The Legendre transform is not tethered to classical mechanics, it is just one application of it, another one is to thermodynamics. Geometrically, it is a general way to re-represent convex functions in terms of supporting hyperplanes, and/or to construct convex hulls of general functions. However, Legendre had neither interpretation in mind when he introduced the transform. To him, it was a clever change of variables to improve on Monge's study of Lagrange's minimal surface equation, see Borgato, Gaspard Monge (1746-1818): application of geometry to analysis:
"At the base of these results, there was an attempt by Monge to study the minimal surface equation, an attempt that highlights the merits and defects of his approach to the theory of partial differential equations. The solution provided by Monge was criticized by Legendre who claimed to have been invited by Monge himself to study the issue he was debating with Laplace. According to Legendre, Monge’s
error was due to unclear metaphysical principles on which the mathematicians did not agree. Instead of Monge’s solution, Legendre provided another one by making a very elegant change in the variable (Legendre transformation)."

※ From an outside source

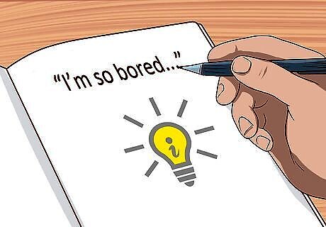 Be aware that high arousal states can contribute to boredom. You might associate boredom with a dull environment or feeling sleepy and lethargic, but people can also appear to be bored when they are overwhelmed by outside stimuli or when they are feeling really energetic on the inside and cannot focus as a result. For example, you might feel bored if you are at a busy café with loud music and lots of people talking around you. This might be the result of external stimulation from all of the noise overwhelming you or distracting you from completing a task. Or, you might think you are bored because you are bursting with energy and you can't seem to focus on one thing for more than a minute or two. Excess energy can come from normal sources, such as being well-rested or feeling nervous about an upcoming flight. When you feel this internal overstimulation, you might mistake it for boredom. If you are feeling overwhelmed by outside stimuli, then try to reduce it. For example, if your environment is too loud, then you could put on headphones and listen to some music or white noise. Or, you could try to go somewhere with fewer distractions. If you are overly energetic, then try doing something to expend some of your energy, such as going for a walk. Then, return to what you were doing after the walk.

The paper where Legendre introduced the transform is Mémoire sur l'intégration de quelques équations aux différences partielles: lû le 1er septembre 1787, Histoire de l'Académie Royale de Sciences. Année M. DCCLXXXVII. Avec les Mémoires de Mathématique & de Physique de la meme année, pp. 309–351. A Paris, de l’Imprimerie royale M. DCCLXXXIX, 1789. Kiselman gives the following commentary on Legendre's contribution in Werner Fenchel, a pioneer in convexity theory:
"“Au lieu de considérer $z, p, q$ comme des fonctions de $x$ & $y$, rien n’empêche de regarder $x, y, z$
comme des fonctions de $p$ & $q$; [. . . ]” (p. 315). This is the very beginning of what we now call the Legendre transformation. Here it is about a function $z$
of two variables x and y with $p = \partial z/\partial x$ and $q = \partial z/\partial y$. The symmetry or
duality between $z, p, q$ and $x, y, z$ is evident. Later in the article the author considers functions of more than two variables."
That Hamilton did not link the requisite change of variables to Legendre is not very surprising given the difference of context. Closely related canonical transformations were soon studied by Delaunay, Liouville and Jacobi. Linking it to conjugation of convex functions also took some time. Kiselman gives a translation of Fenchel's 1977 letter to him on transform's history in convex analysis with some interesting remarks on the naming:
"The classical Legendre transformation was introduced purely formally by Legendre. That it is an involution and closely related to duality was, however, as far as I know, first discovered by Monge somewhat later. One shall of course keep the name Legendre transformation... W. H. Young has in a small paper from 1912 proved [his inequality for] a special case of the classical Legendre transformation, which Young, however, did not notice, even though this is clear from his proof. He is only interested in the inequality. The next contribution to the topic is due to Z. W. Birnbaum & W. Orlicz, 1931... Here the “complementary” function $\widetilde{f}$ to $f$ is defined by $\widetilde{f}(y)=\sup_{x\in\mathbb{R}}\big(xy-f(x)\big)$ and it is shown that $\tilde{\widetilde{f}}=f$... The inequality (**) is called Young’s inequality by several authors. This
is OK, but I cannot see any reason for calling $f\mapsto\widetilde{f}$ the Young transformation.
If you want to include a personal name, it seems Legendre is the closest at hand, even though it does not create the correct association. The “maximum transformation” I have not seen."